Beaucoup de jeunes m’ont dit avoir découvert la formation à travers le stage effectué en 3ème. Ils savent que l’apprentissage n’a pas bonne presse mais balaient ce préjugé d’un revers de main en évoquant, avec fierté, leurs aînés titulaires de diplômes du supérieur ou les 70 % d’apprentis qui trouvent un emploi durable à la fin de leur formation.
Outre les préjugés, et malgré l’état d’esprit positif que j’ai partout constaté, des difficultés demeurent. La réforme de l’apprentissage a été lancée dès 2013 et la loi du 5 mars 2014 relative à la formation professionnelle, à l’emploi et à la démocratie sociale a permis de rénover le dispositif. Les mesures pour favoriser l’alternance et développer l’apprentissage se concentrent sur des aides financières aux entreprises (exonérations de cotisations sociales, aide au recrutement, crédit d’impôt…) car sans patron, l’alternance n’existe pas. Par ailleurs, les règles de protection ont été adaptées aux contraintes des entreprises, sans diminuer la sécurité des jeunes. Par exemple, les apprentis peuvent désormais effectuer des travaux en hauteur ce qui n’était pas le cas avant.
Cependant, le nombre d’apprentis continue de baisser. Aussi, l’objectif de 500 000 jeunes en apprentissage en 2017 est ambitieux et utile au regard de l’insertion professionnelle réussie d’un grand nombre d’apprentis. Pour y parvenir, il faut trouver des réponses aux principaux freins qui se situent chez les jeunes eux-mêmes.
Le premier, c’est l’âge. Les apprentis mineurs trouvent difficilement un employeur. Les contraintes liées à l’embauche d’un mineur sont plus exigeantes et plus limitées en matière de sécurité.
Le deuxième frein, c’est l’adaptation du système. Dans les secteurs où le travail est organisé en équipe, où les horaires ne correspondent pas à ceux du système scolaire, il paraît essentiel d’aménager et de simplifier la procédure permettant aux jeunes de suivre le même rythme de travail que celui de l’équipe dans laquelle ils se forment. De même, trop d’apprentis échouent aux examens car le temps passé en entreprise laisse peu de place à leur préparation.
Le troisième frein, c’est la mobilité.
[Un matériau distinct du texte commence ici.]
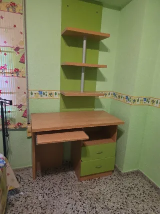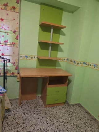 Escritorio con estantería superior y dos cajones. - Superficie de madera. - Estructura de madera y plástico. - Dos cajones de color verde.

En effet, les spécialités ne sont pas enseignées partout. Les transports scolaires ne permettent pas toujours aux jeunes de se rendre dans leur établissement. Or, chaque structure ne dispose pas d’un internat et, quand elle en est pourvue, il n’est que très rarement mixte. Le problème se répète doublement lorsque les jeunes ne trouvent pas d’employeur à proximité de chez eux. Quand ils n’ont pas un parent pour les véhiculer, quand ils ne peuvent financer ni l’achat d’une voiture, ni la location d’un logement, la volonté de suivre un apprentissage est anéantie par une dure réalité. C’est un point que les responsables d’établissement que j’ai rencontrés ont unanimement soulevé.
J’ai appris beaucoup en visitant ces établissements. J’ai rencontré des apprentis, formateurs, responsables d’établissement, qui disent avec cœur que l’apprentissage est une voie d’excellence et d’épanouissement. J’ai appris que les leviers pour faire changer les mentalités étaient à portée de main.
En parler. En parler en bien.
C’est le sens de la réunion que j’organise ce jeudi 19 mai, à 18h30, salle de L’Oiseau Bleu, à St-Wandrille-Rançon.